**Exercise directions**
No pictures, please. Output the lines from the start of the data through the line that contains "Die 5. Jahreszeit", both included, exactly as they stand.

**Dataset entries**
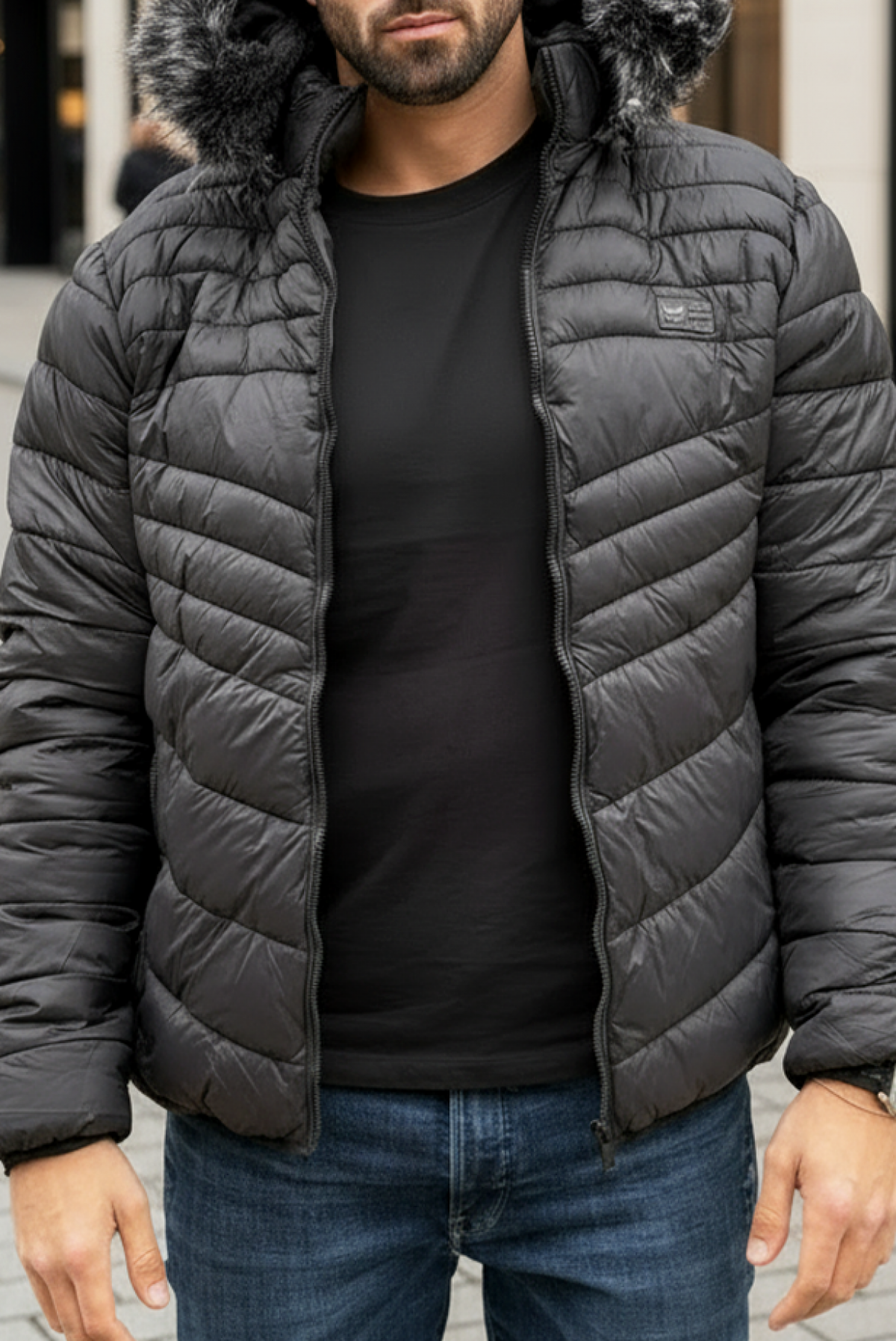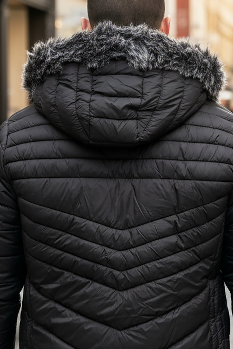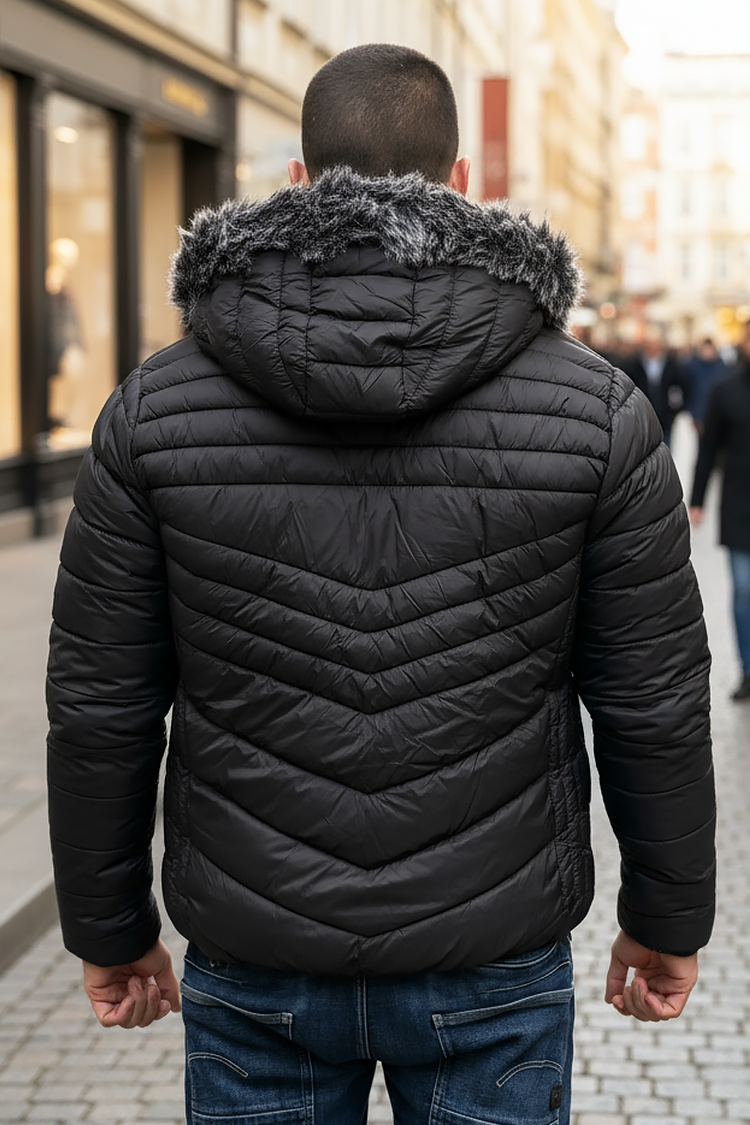 - Geacă de iarnă pentru bărbați, model de zi cu zi, cu căptușeală călduroasă și design matlasat, de culoare neagră.
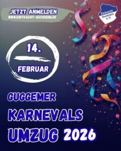 Die 5. Jahreszeit wirft Ihre Schatten voraus und wir freuen uns, , wenn Ihr am Samstag, dem 14.02.2026, am Karnevalsumzug des KCEG Blau-Weiß Guckheim wieder teilnehmen möchtet. Beginn der Veranstaltung
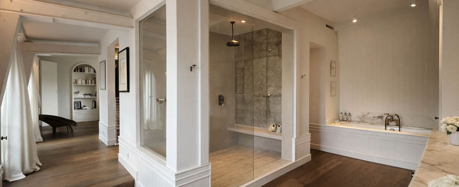 Le projet respecte l’âme architecturale du Marais : moulures, proportions classiques, détails anciens soigneusement restaurés. L’intervention contemporaine reste discrète, au service du confort et de la fonctionnalité. Un équilibre entre patrimoine et art de vivre, où l’esprit parisien rencontre la sérénité d’une maison à la campagne.
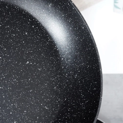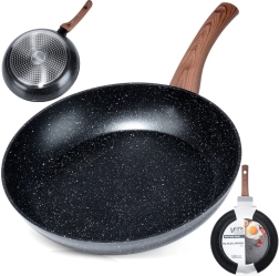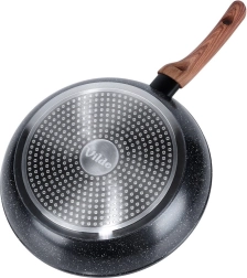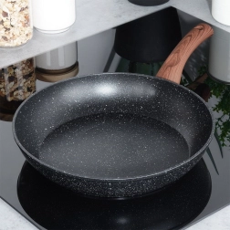 Stilfuld granitpande med en diameter på 28 cm til daglig madlavning. Takket være den non-stick stenbelægning, hurtig og jævn varmefordeling og ergonomisk håndtag med trælook tilbereder du sunde retter med et minimum af fedt på alle typer komfurer, inklusive induktion.
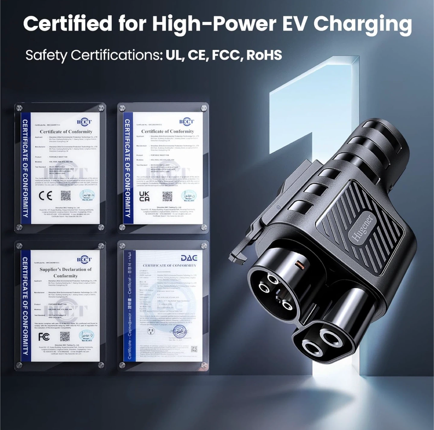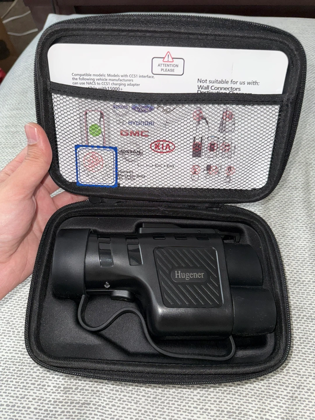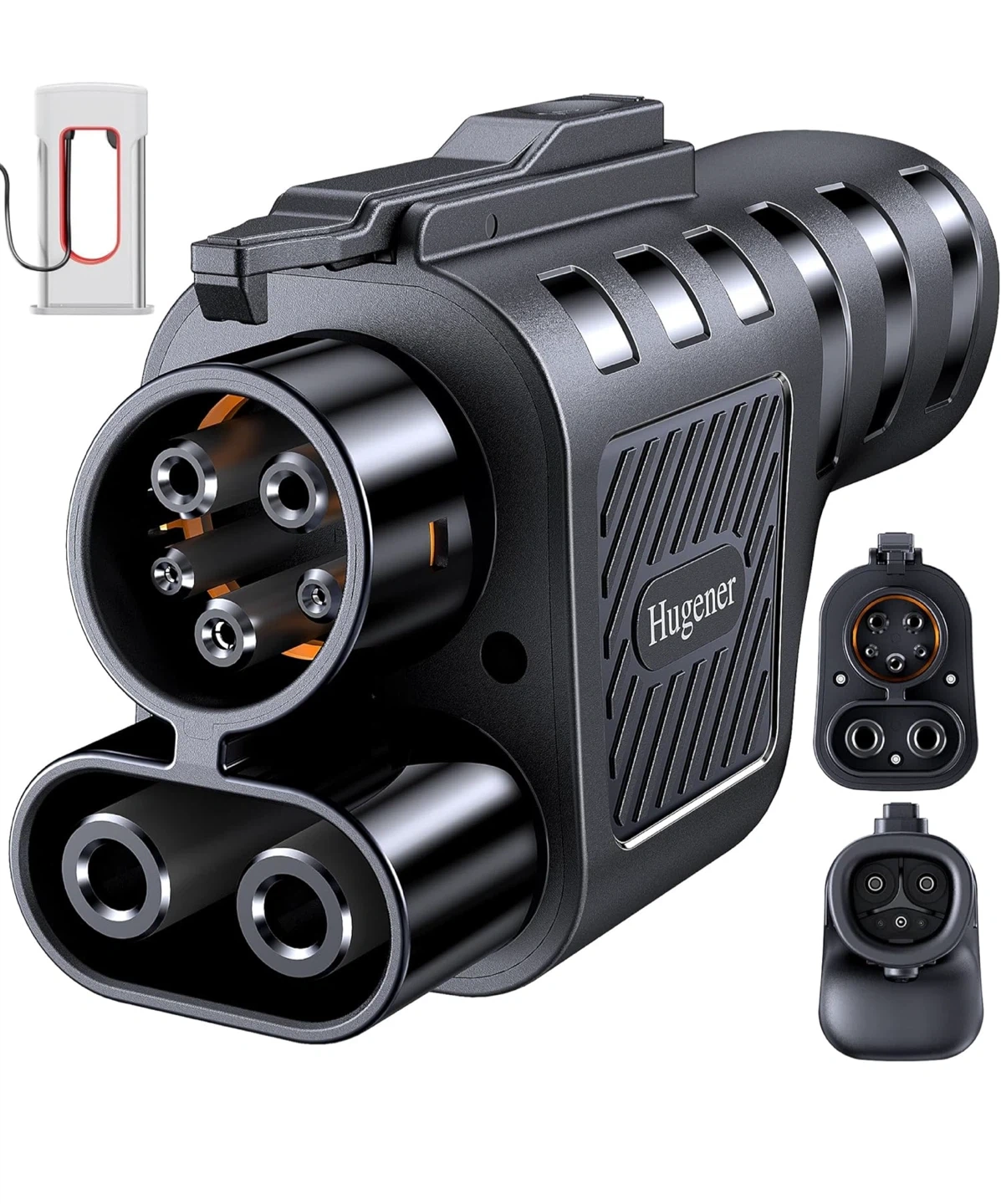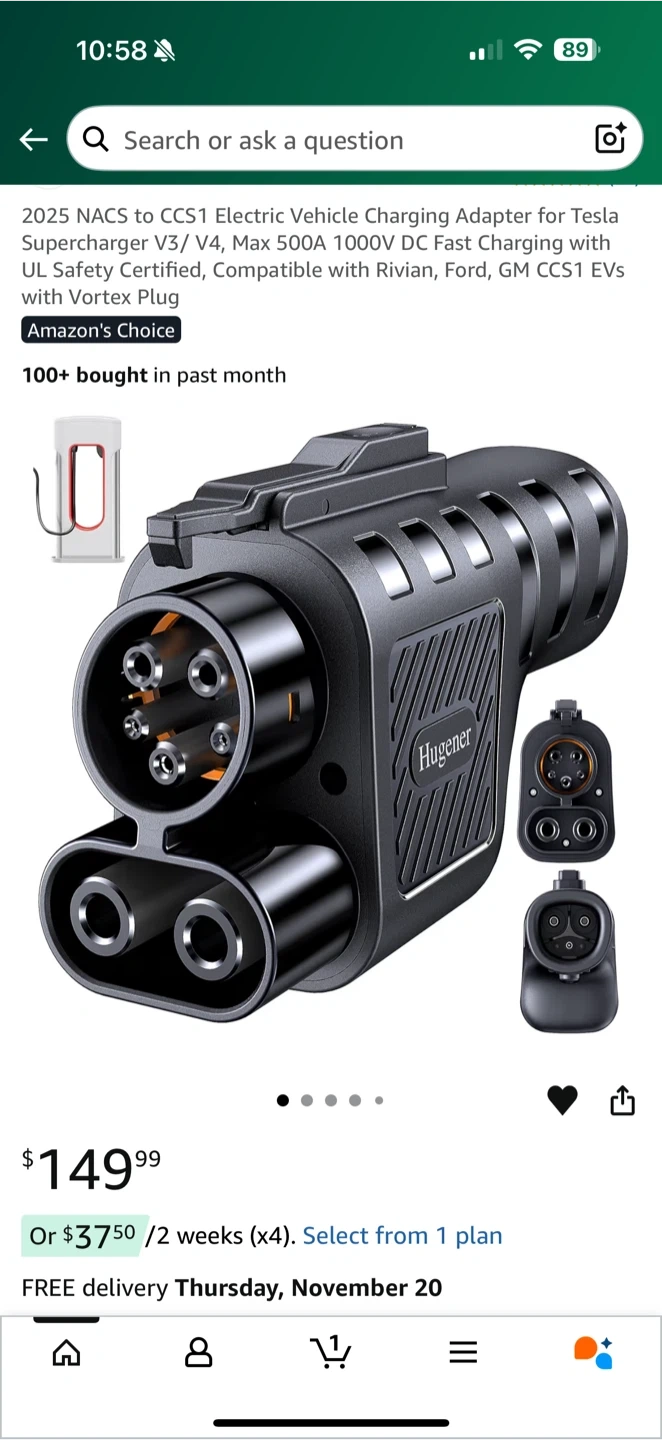 Selling a Hugener NACS to CCS1 electric vehicle charging adapter. It is compatible with Tesla V3/V4 Superchargers. It allows for 290km/180mi in 15 minutes of charging. It has a 3-sensor smart temp control and operates in extreme cold & heat (-22°F to 122°F). Charging rates down at 158°F and charging stops at 194°F. Originally bought for $149.99
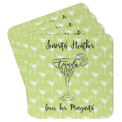 These coasters are perfectly sized for just about any drink being a 4"in square. The paper construction is a thick heavyweight 80 point pulpboard perfect for absorbing the condensation on the outside of your glass.
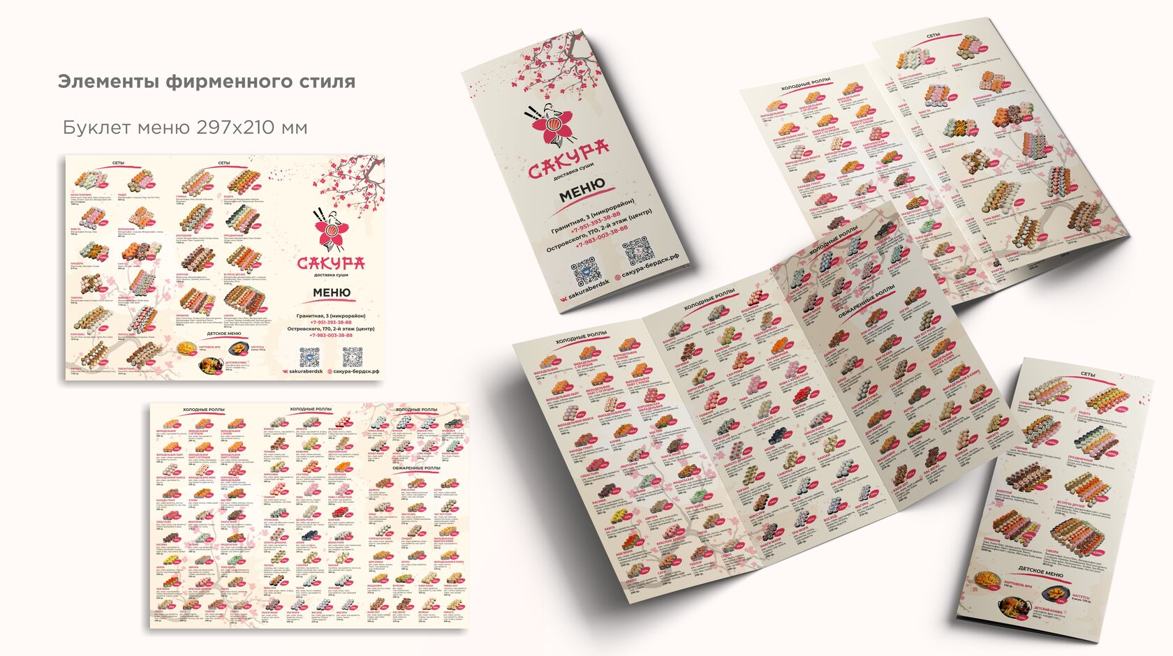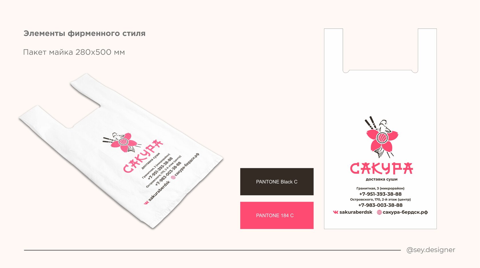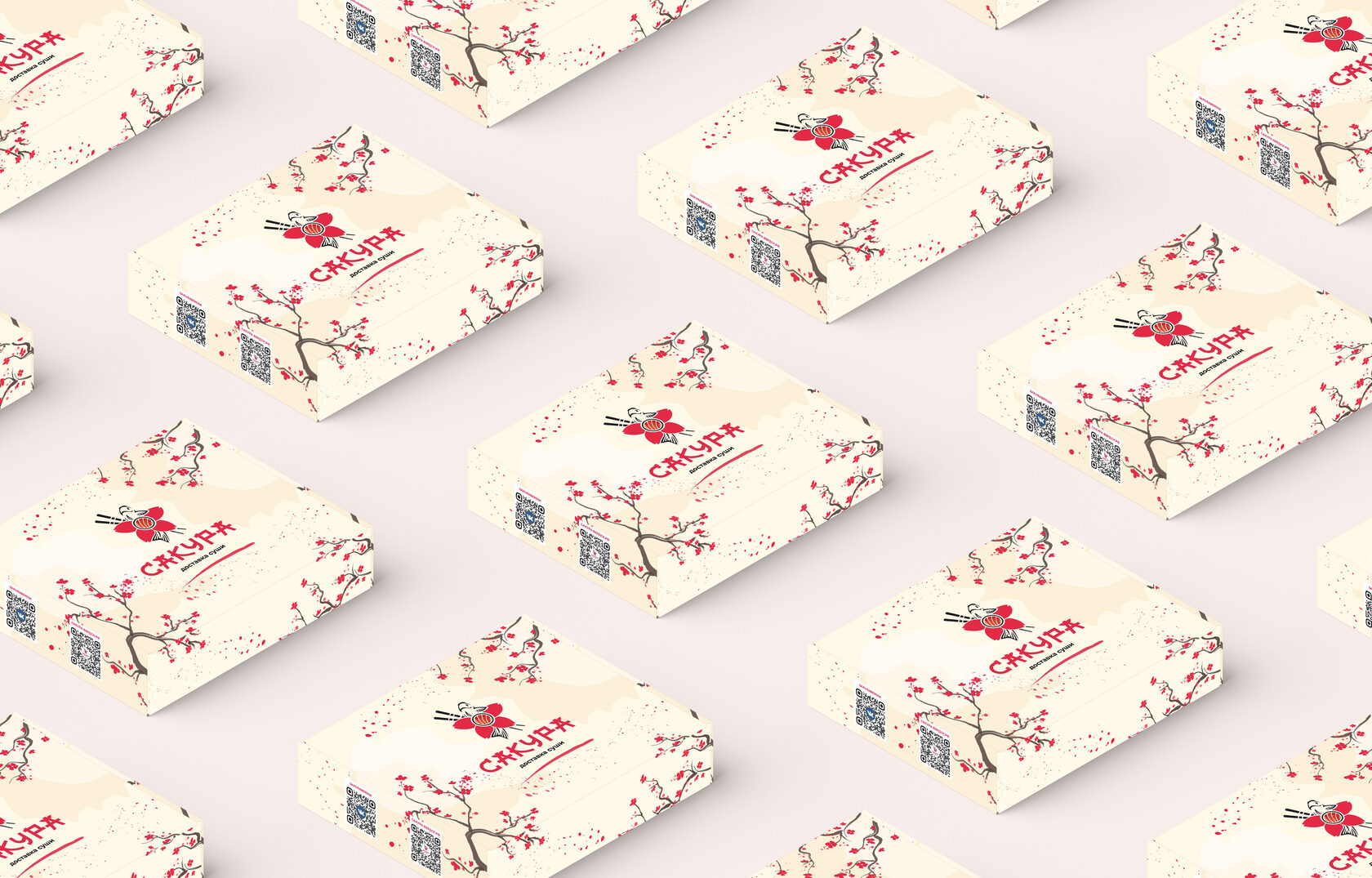 Знак логотипа содержит символы традиционно ассоциирующиеся с японской культурой — цветок сакуры, которая стала и названием компании. Японский карп — символ упорства и умения противостоять любым трудностям, что компания уже не раз доказывала за 7 лет своей успешной работы. Хаси — японские палочки для еды. И в центре всего рол — основное блюдо компании.
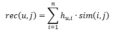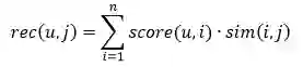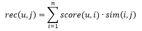 计算用户u对某一物品的偏好,记用户u对物品i的评分为score(u,i),用户u对物品i的协同过滤得分为rec(u,j)。

**Solution to this task**
 - Geacă de iarnă pentru bărbați, model de zi cu zi, cu căptușeală călduroasă și design matlasat, de culoare neagră.
 Die 5. Jahreszeit wirft Ihre Schatten voraus und wir freuen uns, , wenn Ihr am Samstag, dem 14.02.2026, am Karnevalsumzug des KCEG Blau-Weiß Guckheim wieder teilnehmen möchtet. Beginn der Veranstaltung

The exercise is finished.